Write the listing out again word for word, excluding any pictures.

◆ Supplied information:
--- START ---

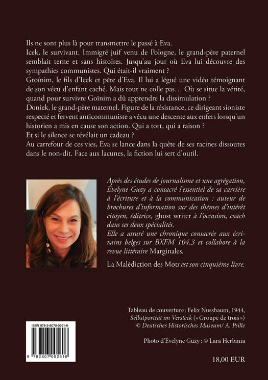 Et si le silence se révélait un cadeau ? se demande Eva enentamant une enquête sur la vie de ceux qui ne sont plus là. Icek,le survivant. Terne et laid, le grand-père paternel semblait sans histoire. Unimmigré juif venu de Pologne dans les années 30. Jusqu’au jour où Eva pensedécouvrir son passé communiste. Qui était vraiment Icek ? Groïnim,l’enfant d’Icek, le père d’Eva. Peu avant de mourir, il lui a légué une vidéoqui témoigne de son passé de guerre. Mais tout ne colle pas... Où se situe lavérité alors que l’enfance cachée de Groïnim lui a appris la dissimulation? Doniek, le résistant, grand-père maternel. Figure importante de lalutte armée belge, dirigeant sioniste respecté et fervent anticommuniste, Donieka vécu une descente aux enfers lorsqu’un historien a mis en cause son action.Qui a tort, qui a raison ? Au carrefour des vies du Survivant, del’Enfant et du Résistant, Eva saisit sa propre existence et se forge un destinchoisi, dans l’amour des silences du passé.
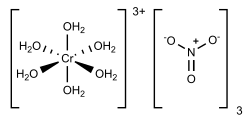 Chromium(III) nitrate describes several inorganic compounds consisting of chromium, nitrate and varying amounts of water. Most common is the dark violet hygroscopic solid. An anhydrous green form is also known. Chromium(III) nitrate compounds are of a limited commercial importance, finding some applications in the dyeing industry.[3] It is common in academic laboratories for the synthesis of chromium coordination complexes.
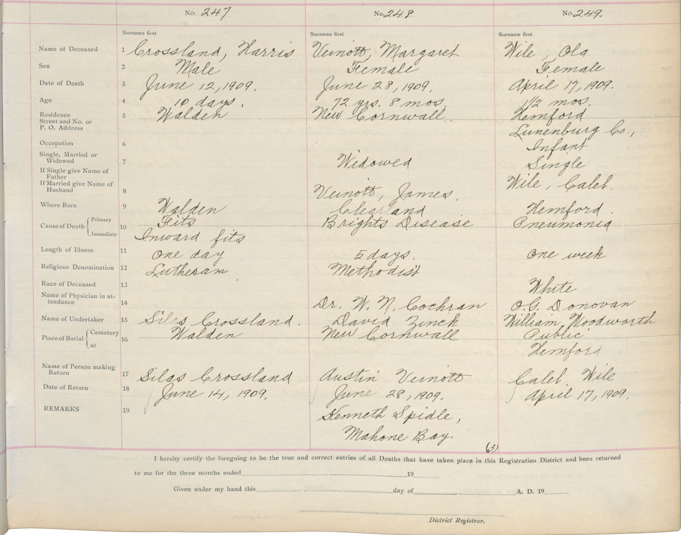 Death Registration: Year: 1909 book: 13 page: 42 number: 247
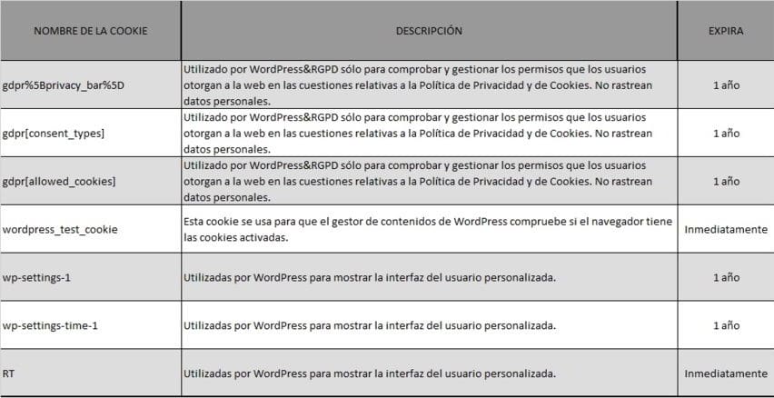 Las tablas de las cookies se irán actualizando según vayamos usando más en nuestra WEB, por nuevas funcionalidades de la misma. Bien es cierto, que en el momento de implantar esas nuevas funcionalidades, habrá un impás muy corto de tiempo en el que esas nuevas cookies no aparecerán en las tablas, hasta que no las tengamos al día. En este sentido, agradecemos tu comprensión.

--- END ---

◆ Output below:
 Et si le silence se révélait un cadeau ? se demande Eva enentamant une enquête sur la vie de ceux qui ne sont plus là. Icek,le survivant. Terne et laid, le grand-père paternel semblait sans histoire. Unimmigré juif venu de Pologne dans les années 30. Jusqu’au jour où Eva pensedécouvrir son passé communiste. Qui était vraiment Icek ? Groïnim,l’enfant d’Icek, le père d’Eva. Peu avant de mourir, il lui a légué une vidéoqui témoigne de son passé de guerre. Mais tout ne colle pas... Où se situe lavérité alors que l’enfance cachée de Groïnim lui a appris la dissimulation? Doniek, le résistant, grand-père maternel. Figure importante de lalutte armée belge, dirigeant sioniste respecté et fervent anticommuniste, Donieka vécu une descente aux enfers lorsqu’un historien a mis en cause son action.Qui a tort, qui a raison ? Au carrefour des vies du Survivant, del’Enfant et du Résistant, Eva saisit sa propre existence et se forge un destinchoisi, dans l’amour des silences du passé.
 Chromium(III) nitrate describes several inorganic compounds consisting of chromium, nitrate and varying amounts of water. Most common is the dark violet hygroscopic solid. An anhydrous green form is also known. Chromium(III) nitrate compounds are of a limited commercial importance, finding some applications in the dyeing industry.[3] It is common in academic laboratories for the synthesis of chromium coordination complexes.
 Death Registration: Year: 1909 book: 13 page: 42 number: 247
 Las tablas de las cookies se irán actualizando según vayamos usando más en nuestra WEB, por nuevas funcionalidades de la misma. Bien es cierto, que en el momento de implantar esas nuevas funcionalidades, habrá un impás muy corto de tiempo en el que esas nuevas cookies no aparecerán en las tablas, hasta que no las tengamos al día. En este sentido, agradecemos tu comprensión.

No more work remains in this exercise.